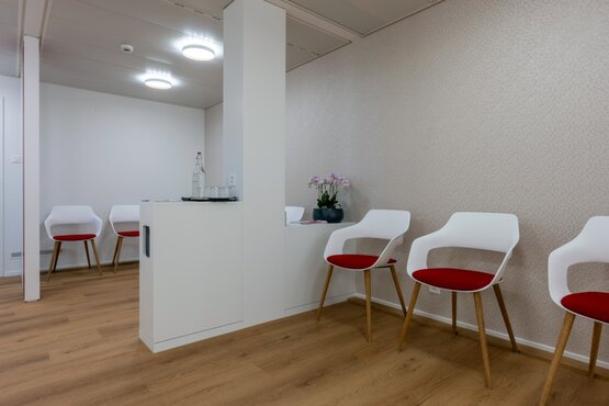 Der Empfangsbereich wurde mit einer eleganten Rezeption ausgestattet, die mit der gleichen strukturierten Tapete, wie an den Wänden gestaltet wurde. Eine Herausforderung für den Schreiner. Bequeme Sitzgelegenheiten mit Sitzkissen in Rottönen laden die Patienten zum Verweilen ein. Stilvolle Kunstwerke an der Wand – abstrakte Darstellung des Herzens – ziehen sofort die Blicke auf sich und setzen einen eindrucksvollen Akzent. Diese Bilder wurden von einem pensionierten Kollegen der beiden Kardiologen extra für die Praxis angefertigt.
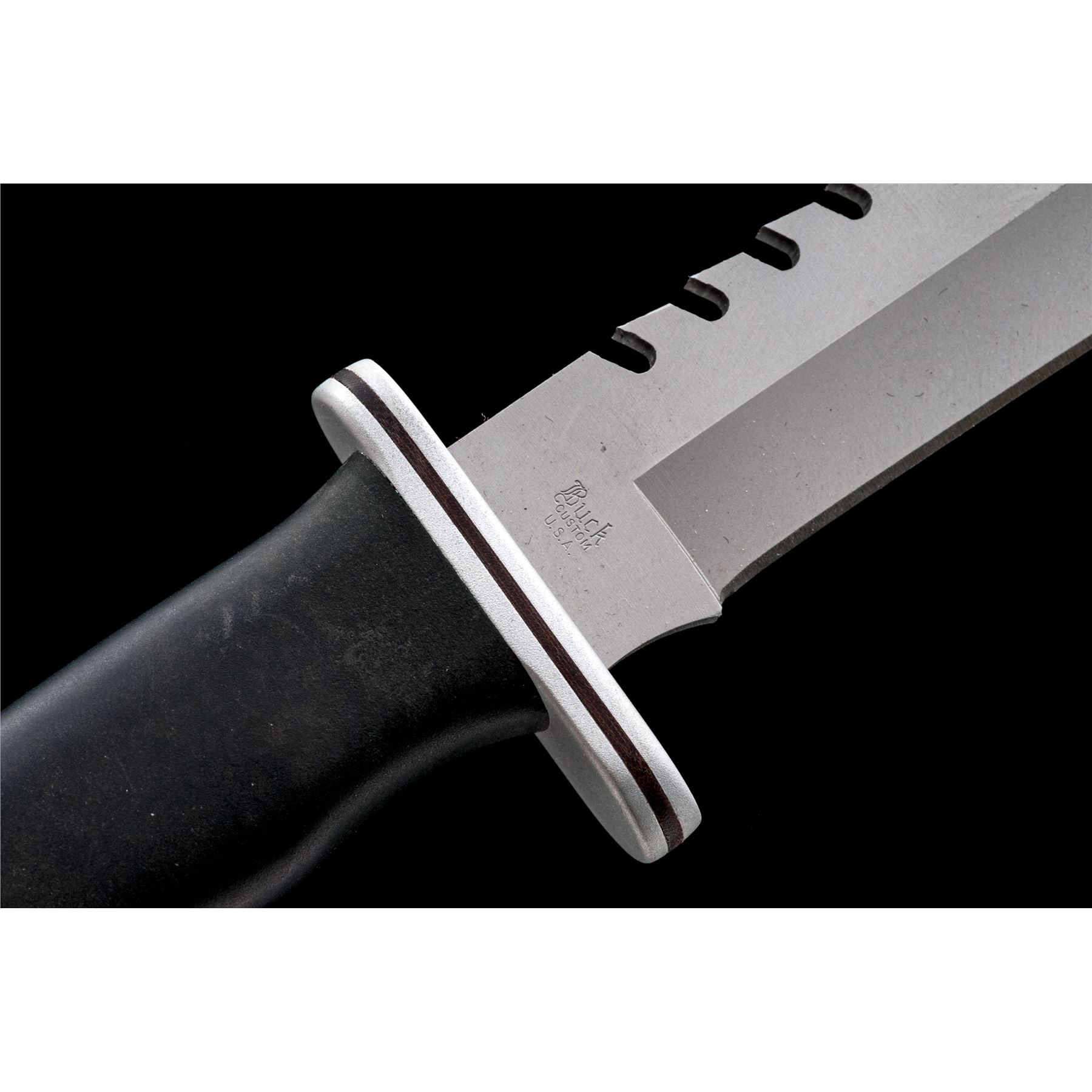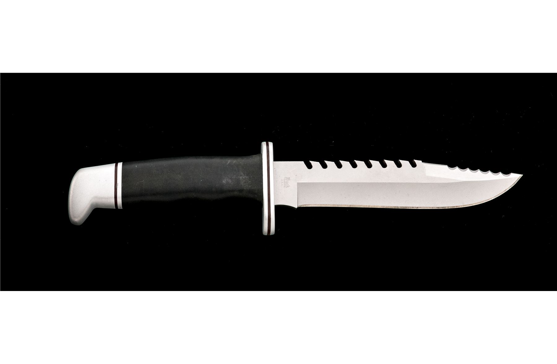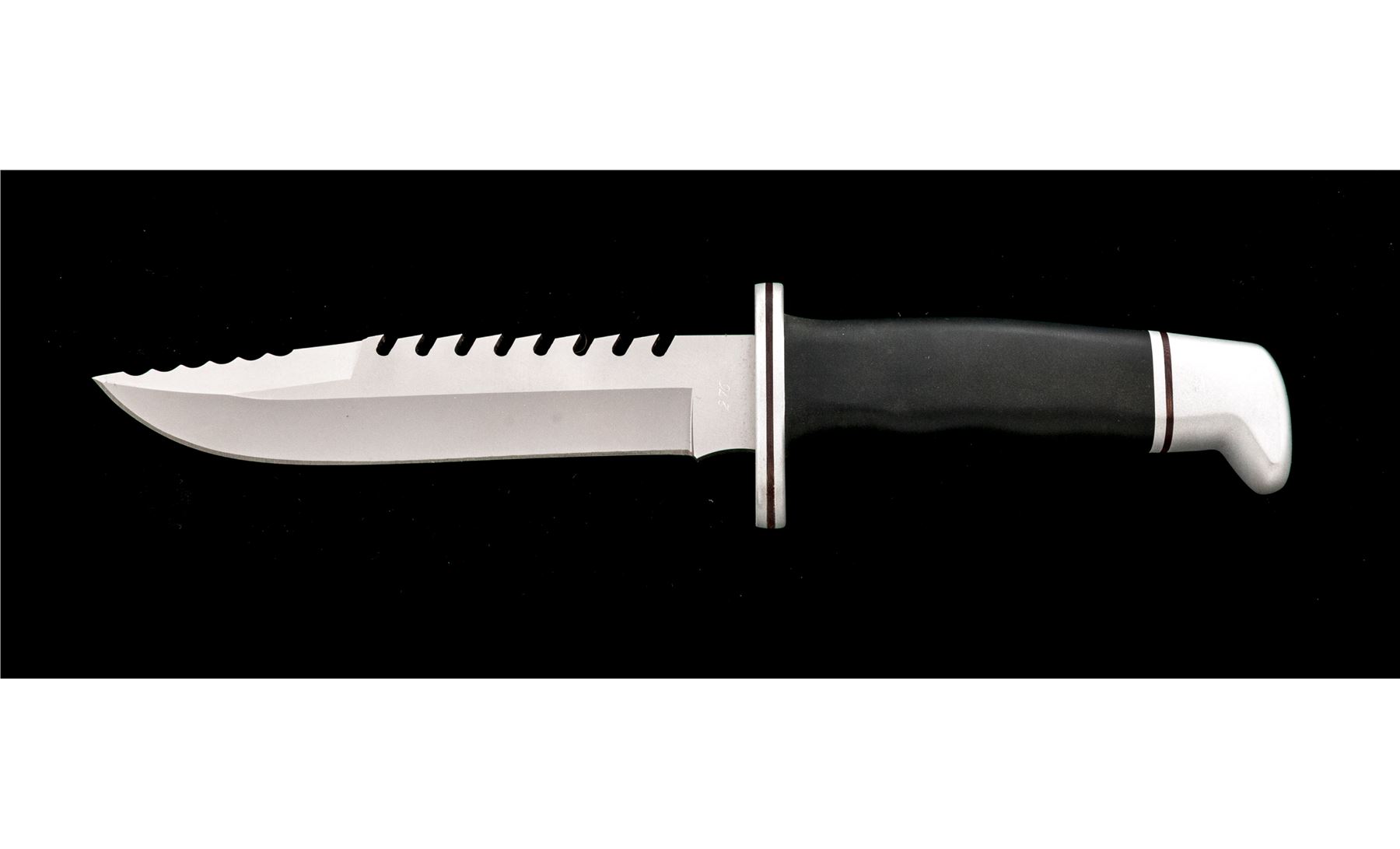 Special Order Buck Model 639B1 Fieldmate Fixed Blade Knife, 5.75'' serrated and saw-toothed blade with Buck Custom blade stamp, and numbered ''276'' on the opposite side; 10.25'' overall, all of the metal surfaces have a bead blasted finish, with a black composite handle. In original box that is hand numbered to the knife, and also includes a black nylon ''Made In USA'' sheath. Knife is in excellent as new condition. Handle with a few slight surface scuffs from handling. Box shows moderate storage type wear. Est.: $200-$400.
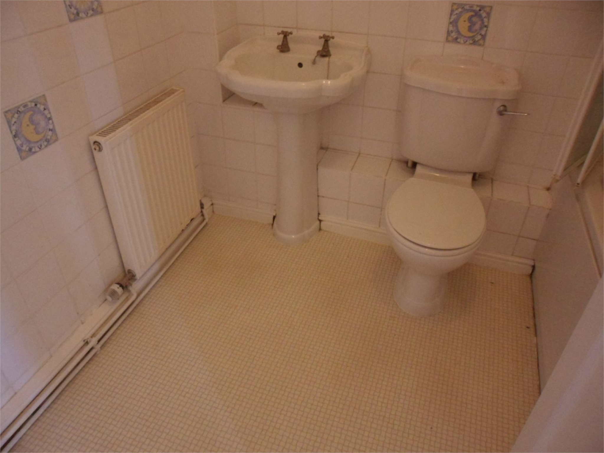 CLOAKROOMTile effect vinyl flooring, radiator, window to front, low level WC, pedestal wash hand basin.
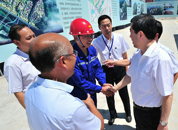 8月10日上午,河南省長陳潤兒率省直有關(guān)廳局主要負(fù)責(zé)同志、各省轄市市長、第一批實(shí)施“百城建設(shè)提質(zhì)工程”的43個(gè)縣(巿)長組成的觀摩團(tuán)來到由中國五冶集團(tuán)承建的汝州科教園區(qū)項(xiàng)目工地。汝州市委書記高建軍、市長陳天富陪同觀摩。
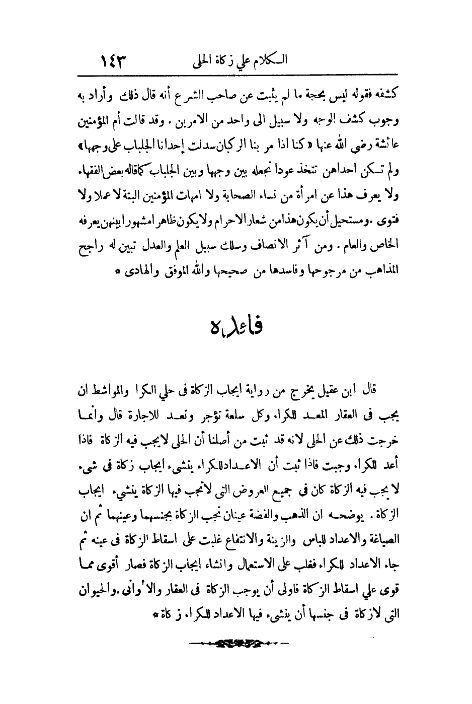 قال ابن عقيل: "يخرج من رواية إيجاب الزكاة في حلي الكراء والمواشط أن يجب في العقار المعد للكراء وكل سلعة تؤجر وتعد للإجارة" قال: "وإنما خرجت ذلك عن الحلي لأنه قد ثبت من أصلنا أن الحلي لا يجب فيه الزكاة فإذا أعد للكراء وجبت جميع العروض التي لا تجب فيها الزكاة ينشىء إيجاب الزكاة يوضحه أن الذهاب والفضة عينان تجب الزكاة بجنسهما وعينهما ثم إن الصياغة والإعداد للباس والزينة والانتفاع غلبت على إسقاط الزكاة في عينه ثم جاء الإعداد للكراء فغلب على الاستعمال وإنشاء إيجاب الزكاة فصار أقوى مما قوى على إسقاط الزكاة فأولى أن يوجب الزكاة في العقار والأواني والحيوان التي لا زكاة في جنسها أن ينشيء فيها الإعداد للكراء زكاة".
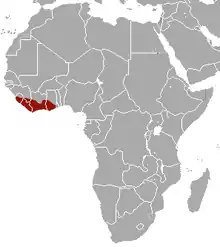 Se encuentra en Costa de Marfil, Ghana, Guinea, Liberia y Sierra Leona.
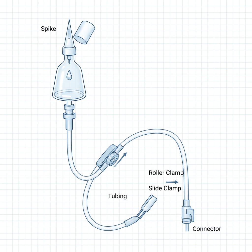 Ah, the drip chamber—your window into the action! This clear bubble lets you count drops for flow rate adjustment, typically aiming for 10-20 drops per minute depending on the set. It traps air bubbles (hello, air embolism prevention!) and often has a filter to snag particles. Squeeze it gently during priming to fill it halfway—voilà, smooth sailing.
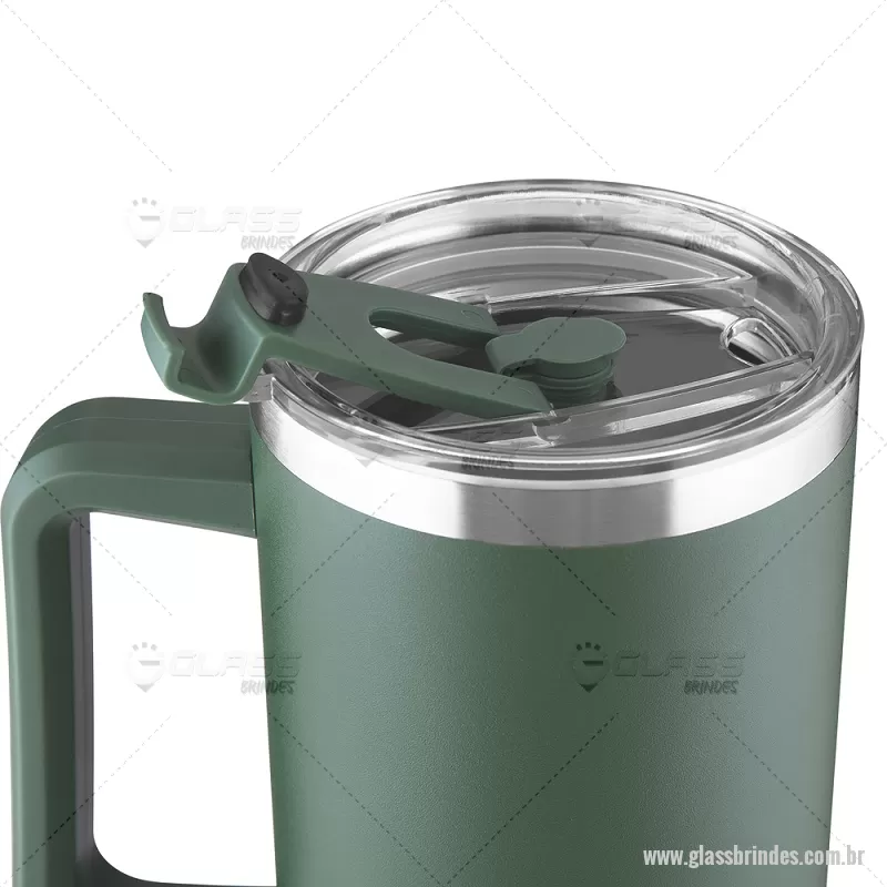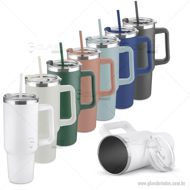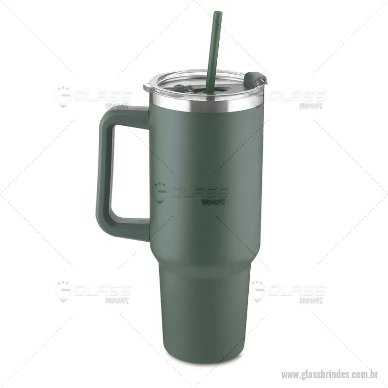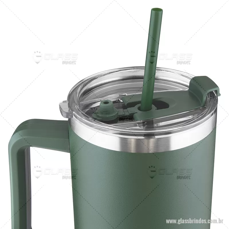 Caneca térmica de 1,3 litros produzida em inox reciclado com parede dupla (interno em inox 304 e externo 201) e acabamento em pintura a pó. Possui tampa e canudo em plástico PP na mesma cor do produto. Mantém bebidas quentes por até 2 horas e frias por até 6 horas. Ideal para uso diário. - - GLACAN099
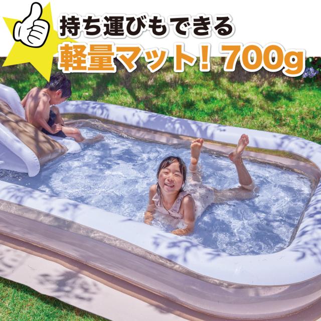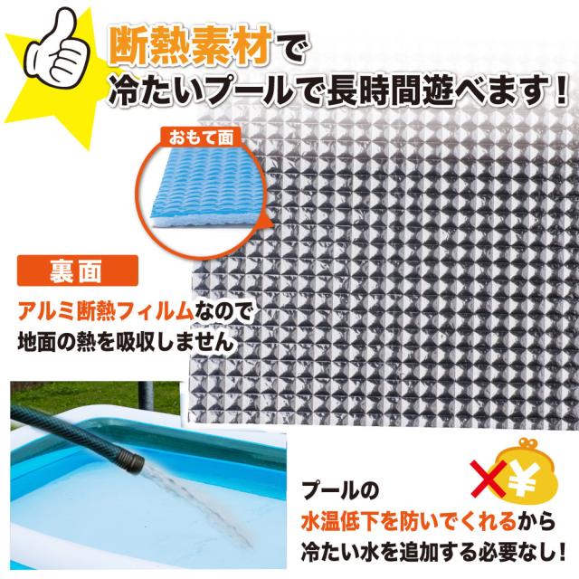 ビニールプールの下に敷くことで底が痛くなりません。プールの保護にもなるので、お子様も思い切り遊ぶことができます。
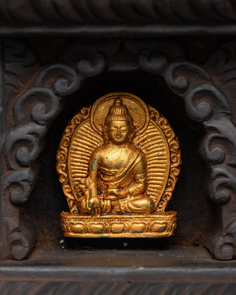 Buddha Set with Wooden Altar Box | Tibetan Buddhist Shrine Decor
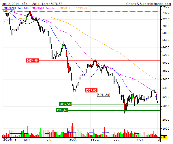 Hoje o PSI quebrou mais um suporte e aproxima-se da lifeline da memória dos preços - 5050/4950. Contudo, dado o timing desta correção (próximo do Natal) e o status do crude oil (queda benéfica para os mercados Europeus), espero poder afirmar que se trata de uma Bear Trap. Conjugação de quedas para que os players reduzam carteiras e aumentem a liquidez conjuntural. Porque julgo ser uma oportunidade, considero reforçar na superação dos 5200 pontos (preparo esse momento com o aumento de liquidez via take profit de 1/2 da posição em Jerónimo Martins. Lufthansa vou reduzir para metade na aproximação aos 15€).
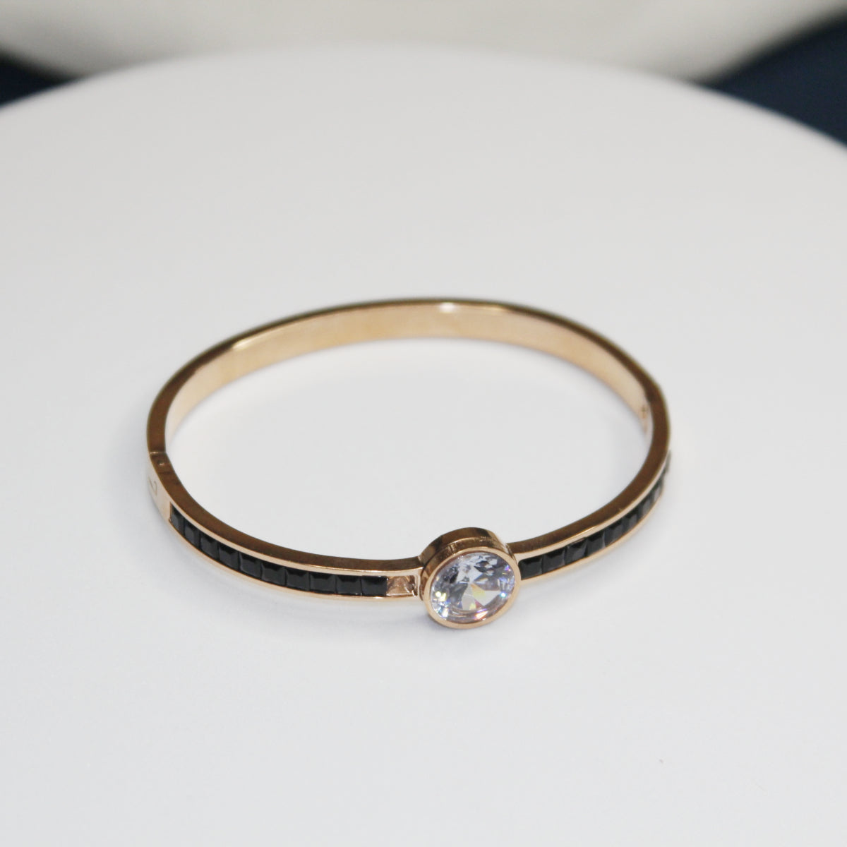 Stainless Steel rose gold plated Black CZ with big stone bracelet
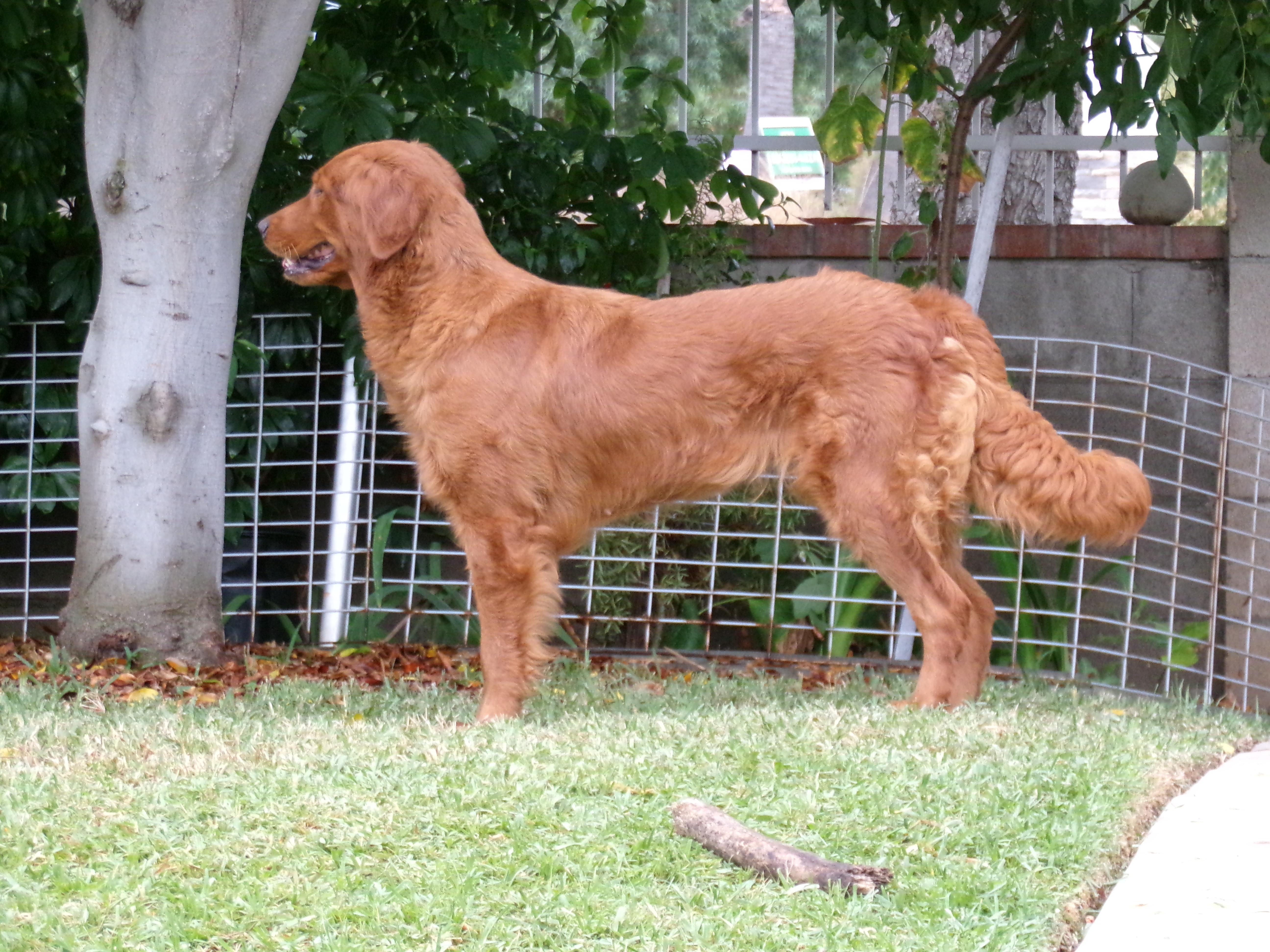 Gala was paired with Doc for red pups. She is sweet as can be and loves to please us. She also loves to play fetch and will give her aunts Ruby and Kleo a bit of competition but surrenders in the end. She is AKC, DNA genetically clear, OFA completed for heart, OFA hips/elbows. Our pups are given Early Neurological Stimulation & Early Scent Introduction training.

◆ ◆ ◆ ◆

**PROBLEM DETAILS:** Copy every entry exactly, leaving out the pictures.

**ANSWER TO THIS EXERCISE:**
 Der Empfangsbereich wurde mit einer eleganten Rezeption ausgestattet, die mit der gleichen strukturierten Tapete, wie an den Wänden gestaltet wurde. Eine Herausforderung für den Schreiner. Bequeme Sitzgelegenheiten mit Sitzkissen in Rottönen laden die Patienten zum Verweilen ein. Stilvolle Kunstwerke an der Wand – abstrakte Darstellung des Herzens – ziehen sofort die Blicke auf sich und setzen einen eindrucksvollen Akzent. Diese Bilder wurden von einem pensionierten Kollegen der beiden Kardiologen extra für die Praxis angefertigt.
 Special Order Buck Model 639B1 Fieldmate Fixed Blade Knife, 5.75'' serrated and saw-toothed blade with Buck Custom blade stamp, and numbered ''276'' on the opposite side; 10.25'' overall, all of the metal surfaces have a bead blasted finish, with a black composite handle. In original box that is hand numbered to the knife, and also includes a black nylon ''Made In USA'' sheath. Knife is in excellent as new condition. Handle with a few slight surface scuffs from handling. Box shows moderate storage type wear. Est.: $200-$400.
 CLOAKROOMTile effect vinyl flooring, radiator, window to front, low level WC, pedestal wash hand basin.
 8月10日上午,河南省長陳潤兒率省直有關(guān)廳局主要負(fù)責(zé)同志、各省轄市市長、第一批實(shí)施“百城建設(shè)提質(zhì)工程”的43個(gè)縣(巿)長組成的觀摩團(tuán)來到由中國五冶集團(tuán)承建的汝州科教園區(qū)項(xiàng)目工地。汝州市委書記高建軍、市長陳天富陪同觀摩。
 قال ابن عقيل: "يخرج من رواية إيجاب الزكاة في حلي الكراء والمواشط أن يجب في العقار المعد للكراء وكل سلعة تؤجر وتعد للإجارة" قال: "وإنما خرجت ذلك عن الحلي لأنه قد ثبت من أصلنا أن الحلي لا يجب فيه الزكاة فإذا أعد للكراء وجبت جميع العروض التي لا تجب فيها الزكاة ينشىء إيجاب الزكاة يوضحه أن الذهاب والفضة عينان تجب الزكاة بجنسهما وعينهما ثم إن الصياغة والإعداد للباس والزينة والانتفاع غلبت على إسقاط الزكاة في عينه ثم جاء الإعداد للكراء فغلب على الاستعمال وإنشاء إيجاب الزكاة فصار أقوى مما قوى على إسقاط الزكاة فأولى أن يوجب الزكاة في العقار والأواني والحيوان التي لا زكاة في جنسها أن ينشيء فيها الإعداد للكراء زكاة".
 Se encuentra en Costa de Marfil, Ghana, Guinea, Liberia y Sierra Leona.
 Ah, the drip chamber—your window into the action! This clear bubble lets you count drops for flow rate adjustment, typically aiming for 10-20 drops per minute depending on the set. It traps air bubbles (hello, air embolism prevention!) and often has a filter to snag particles. Squeeze it gently during priming to fill it halfway—voilà, smooth sailing.
 Caneca térmica de 1,3 litros produzida em inox reciclado com parede dupla (interno em inox 304 e externo 201) e acabamento em pintura a pó. Possui tampa e canudo em plástico PP na mesma cor do produto. Mantém bebidas quentes por até 2 horas e frias por até 6 horas. Ideal para uso diário. - - GLACAN099
 ビニールプールの下に敷くことで底が痛くなりません。プールの保護にもなるので、お子様も思い切り遊ぶことができます。
 Buddha Set with Wooden Altar Box | Tibetan Buddhist Shrine Decor
 Hoje o PSI quebrou mais um suporte e aproxima-se da lifeline da memória dos preços - 5050/4950. Contudo, dado o timing desta correção (próximo do Natal) e o status do crude oil (queda benéfica para os mercados Europeus), espero poder afirmar que se trata de uma Bear Trap. Conjugação de quedas para que os players reduzam carteiras e aumentem a liquidez conjuntural. Porque julgo ser uma oportunidade, considero reforçar na superação dos 5200 pontos (preparo esse momento com o aumento de liquidez via take profit de 1/2 da posição em Jerónimo Martins. Lufthansa vou reduzir para metade na aproximação aos 15€).
 Stainless Steel rose gold plated Black CZ with big stone bracelet
 Gala was paired with Doc for red pups. She is sweet as can be and loves to please us. She also loves to play fetch and will give her aunts Ruby and Kleo a bit of competition but surrenders in the end. She is AKC, DNA genetically clear, OFA completed for heart, OFA hips/elbows. Our pups are given Early Neurological Stimulation & Early Scent Introduction training.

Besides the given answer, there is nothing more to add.